Section 15.1 Models for Dichotomous Data
Figure 15.1. using data file chile.
data chilenew; /*jittered dataset*/
set chile;
if (intvote = 2) then voting = 0;
else voting = 1;
vjitter = voting + 0.05*ranuni(0);
if(intvote <3); /*1 for and 2 against*/
output;
run;
proc logistsic data=chilenew descending noprint; /*descending option is needed*/
model voting=statquo;
output out=chile1 predicted=lpred; /*output data file for further analysis*/
run;
proc loess data=chile1;
model voting=statquo;
ods output PredAtVertices=chile2;
run;
proc sort data=chile2;
by statquo;
proc sort data=chile1;
by statquo;
run;
data chile3;
merge chile1 chile2;
by statquo;
run;
goptions gsfname=outfiles dev=gif373;
symbol1 c=black i=rls v=circle h=0.5;
symbol2 c=red i=join v=none;
symbol3 c=blue i=join v=none h=0.5 line=2;
title 'Figure 15.1';
filename outfiles 'https://stats.idre.ucla.edu/wp-content/uploads/2016/02/chp15Fig1.gif';
axis1 order = (-2 to 2 by 1);
axis2 order = (-0.1 to 1.1 by 0.6) label=(r=0 a=90);;
proc gplot data=chile3;
format statquo f2.0;
plot vjitter*statquo=1 lpred*statquo=2 Pred*statquo=3 / haxis=axis1
vaxis=axis2 overlay vminor=0 hminor=0;
label statquo='Support for the Status Quo';
label vjitter='Voting Intention';
run;
quit;
Table 15.1 and Table 15.2 on page 452 using data file womenlf.

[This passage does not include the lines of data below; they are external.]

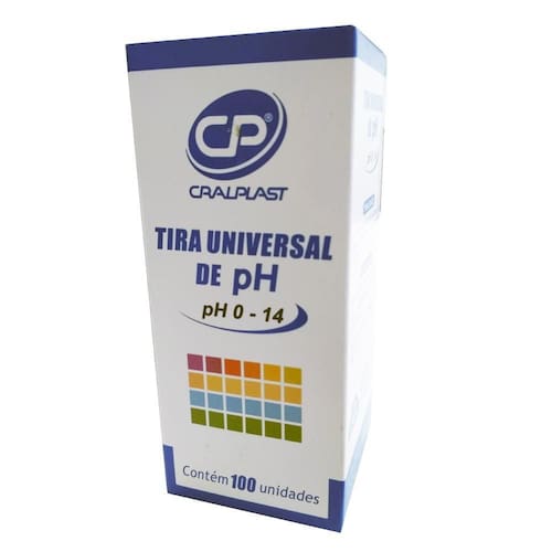 Tira Universal de pH 0-14 A tira universal de pH é utilizada para realizar a leitura do pH de soluções aquosas - Mantenha longe da luz e umidade - Tampe imediatamente o frasco após remover a tira - Não toque nas áreas de testes de tira reagente Ean: 7899935308076
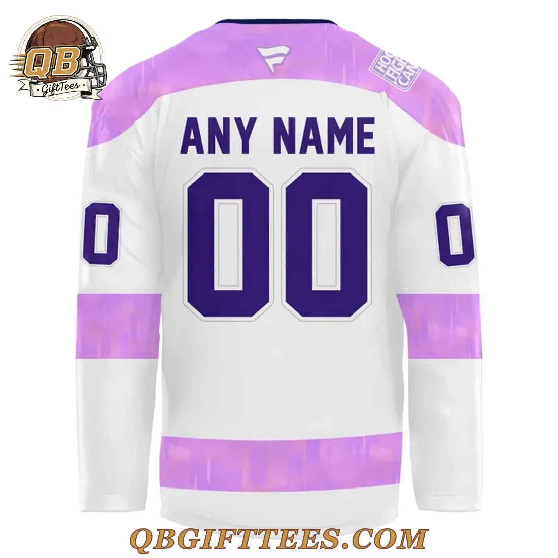 For every Colorado Avalanche fan, the Colorado Avalanche Cancer Night 2025 Edition Jersey represents more than just team pride; it’s a powerful statement of solidarity and support for a vital cause that touches countless lives. This special edition jersey features a crisp white base, elegantly accented with soft lavender and deeper lilac shades across the shoulder yokes, sleeve cuffs, and lower body stripe, all subtly detailed with a unique, textured pattern. The front proudly displays the iconic Colorado Avalanche ‘A’ logo, reimagined in a flowing purple design, centered beneath the NHL shield at the collar and a Fanatics logo on the right chest. Sleeves feature a “0” placeholder, signifying customization potential, matching the bold purple numbers. Crafted from durable, breathable polyester fabric, this Colorado Avalanche Cancer Night 2025 Edition Jersey offers a comfortable, lightweight fit ideal for any fan.
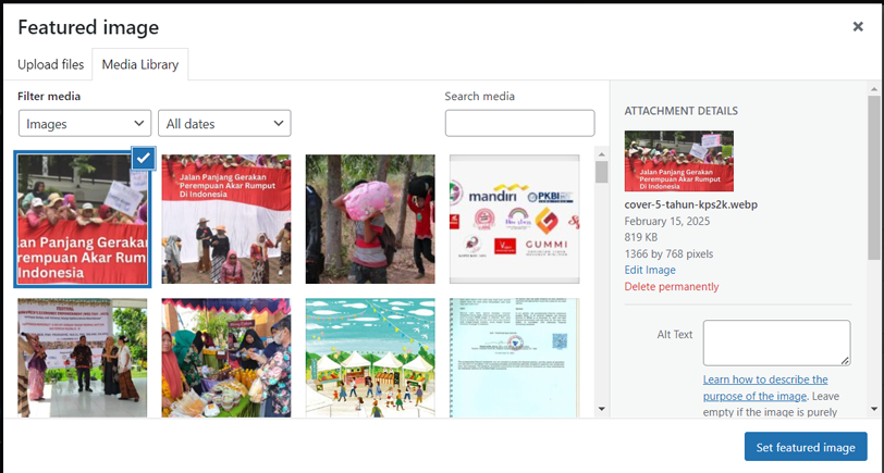 Tunggu beberapa saat hingga proses upload selesai, kemudian klikĀ Set featured image
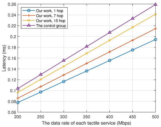 With the growth in the data rate of each tactile service, the latencies of different situations always increases. The control group has the largest values. The larger the hop number, the greater the latency of our work. The multiple hops in the wireless mesh network form a complex network with redundant paths. The existence of communication among ONUs makes the data transmission path short, from user-ONU-OLT-ONU-user to user-ONU-another ONU-user. This is the reason that the latency of our work with 1 hop is still smaller than that of the control group.
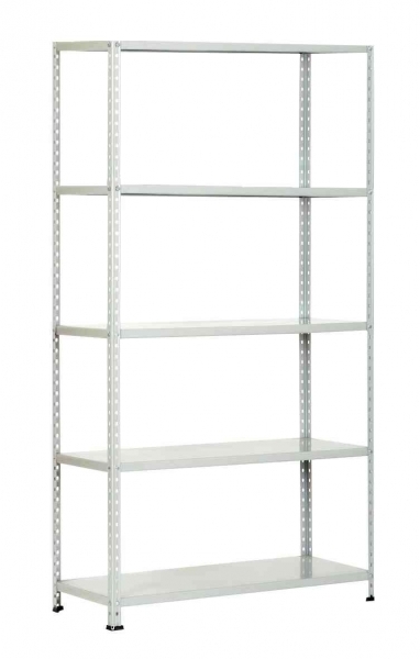 in lamiera verniciata colore grigio. Con aste intere. Cinque ripiani con 1 rinforzo. Con bulloni e piedini. Portata 80 kg per ripiano. Dimensioni cm 120x40x196h
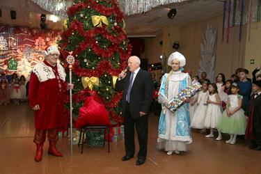 Кроме того, посланник Деда Мороза побывал на новогоднем представлении в Городском Дворце культуры, где встретился с детьми из многодетных семей и вручил им заветные подарки от Дедушки Мороза.
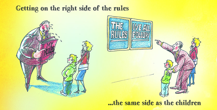 This poster reminds us that the rules are owned by the school, not by any individual. They apply to children and to adults. In fact, most of the rules are those governing the staff. In practice, those applying to the children also apply indirectly to staff, because they are required to apply the rules in the specified way.
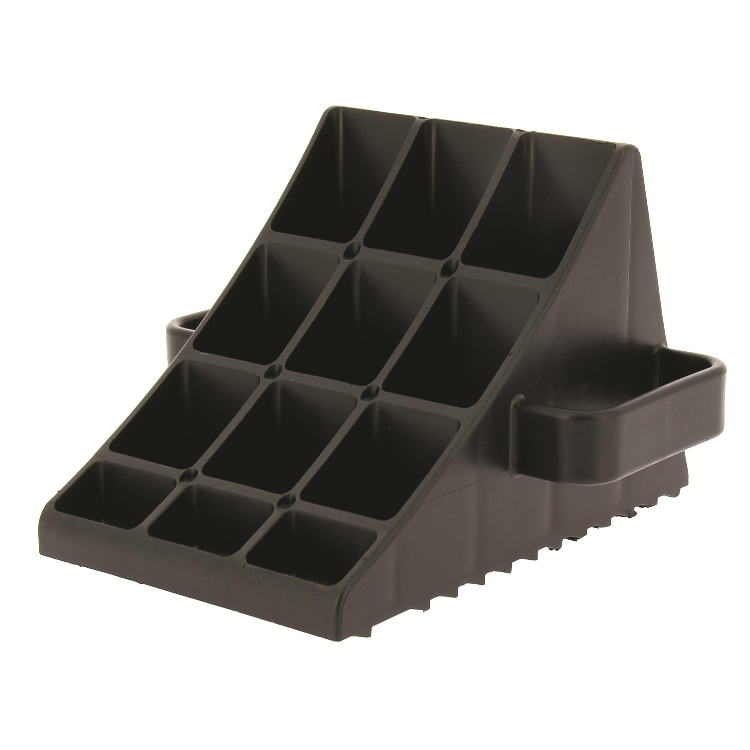 La contre cale Wedge Level convient pour des véhicules de loisirs pesant maximum 4 tonnes (camping-car, caravane, fourgon aménagé, van…). Elle est spécialement conçue pour les véhicules lourds et les pneus larges. En installant votre camping-car sur les cales Wedge Level (à commander séparément), il sera mis à niveau et bloquer avec la contre cale. En effet, la contre cale va bloquer le pneu à la hauteur désirée et empêchera que le véhicule ne bascule. Grâce à la pente douce des cales, le véhicule est facile à monter dessus de manière progressive. Cette simplification de manœuvre favorise également un meilleur réglage en hauteur pour mettre à niveau le camping-car.
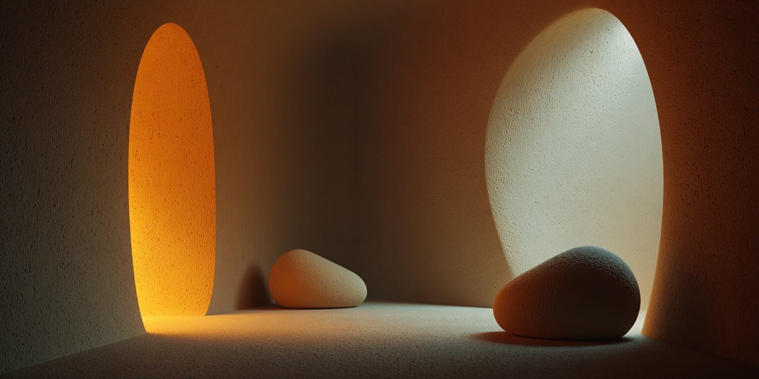 cocoon-like enveloping space, warm amber edge lighting, softly curved walls, felt & linen microtextures, ample negative space for breath, high bokeh, foggy volumetric light, pastel beige-amber, no figures --chaos 5 --ar 2:1 --raw --stylize 150
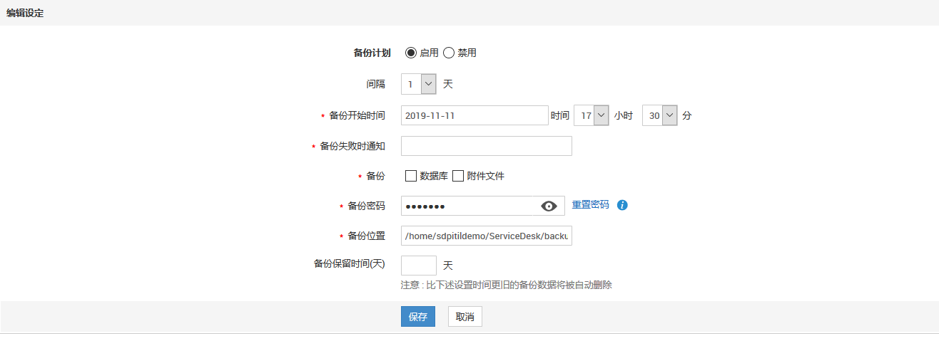 - 如果备份失败,请提供要通知的技术人员的电子邮件地址。

In order to use proc logistic correctly, dummy variables are created to present the status of working, the presence of children and the region. The deviance in the table is -2*Log L which is presented in the output. The (G0)2 in Table 15.2 is the difference of -2*Log L between the two models being compared. The p-value is then obtained using chi-square distribution with the corresponding degree of freedom. On the other hand, proc logistic uses Wald-test (shown below) instead of (G0)2.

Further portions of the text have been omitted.